◆ Exercise directions
From the material below, set down exactly the lines that run from the one containing "體育資訊1月31日訊 據意甲" to the one containing "Mariage merci autocollants", minus the pictures.

++++ Dataset entries

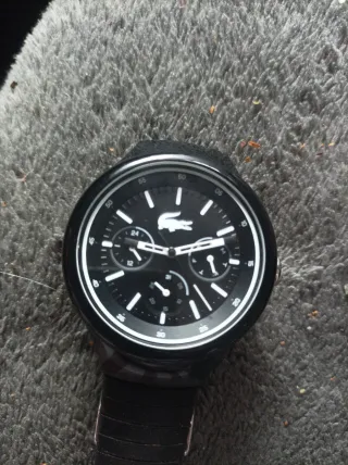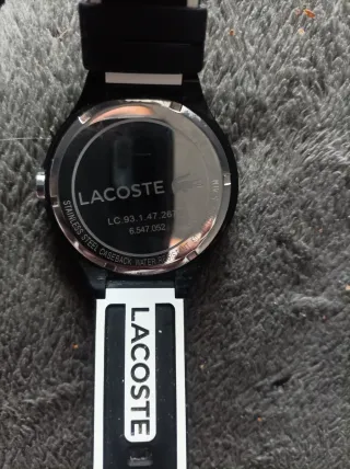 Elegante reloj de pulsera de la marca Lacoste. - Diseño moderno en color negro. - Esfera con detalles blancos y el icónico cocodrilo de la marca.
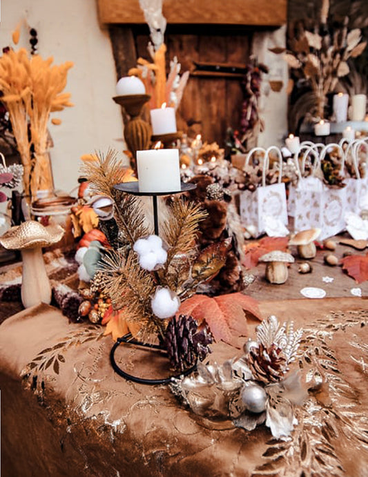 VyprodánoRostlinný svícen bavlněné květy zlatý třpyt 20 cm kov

++++++++
++++ Dataset entries

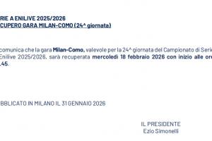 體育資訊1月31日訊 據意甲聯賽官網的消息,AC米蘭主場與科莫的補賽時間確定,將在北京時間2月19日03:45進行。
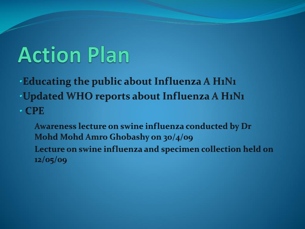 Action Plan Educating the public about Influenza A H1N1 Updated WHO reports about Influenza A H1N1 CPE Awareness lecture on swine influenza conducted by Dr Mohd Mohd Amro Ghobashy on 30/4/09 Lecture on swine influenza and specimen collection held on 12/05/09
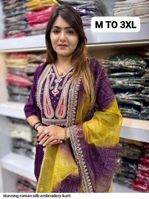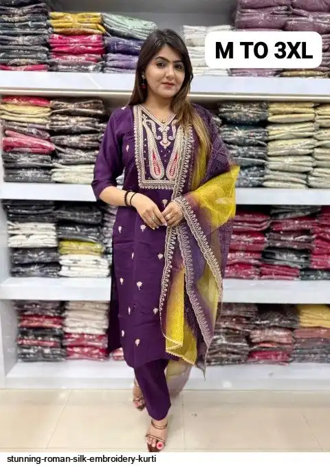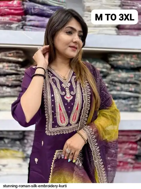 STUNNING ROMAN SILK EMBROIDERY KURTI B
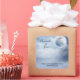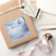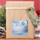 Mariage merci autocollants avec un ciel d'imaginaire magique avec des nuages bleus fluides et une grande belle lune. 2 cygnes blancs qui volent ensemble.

++++++++

◆ Written response
 體育資訊1月31日訊 據意甲聯賽官網的消息,AC米蘭主場與科莫的補賽時間確定,將在北京時間2月19日03:45進行。
 Action Plan Educating the public about Influenza A H1N1 Updated WHO reports about Influenza A H1N1 CPE Awareness lecture on swine influenza conducted by Dr Mohd Mohd Amro Ghobashy on 30/4/09 Lecture on swine influenza and specimen collection held on 12/05/09
 STUNNING ROMAN SILK EMBROIDERY KURTI B
 Mariage merci autocollants avec un ciel d'imaginaire magique avec des nuages bleus fluides et une grande belle lune. 2 cygnes blancs qui volent ensemble.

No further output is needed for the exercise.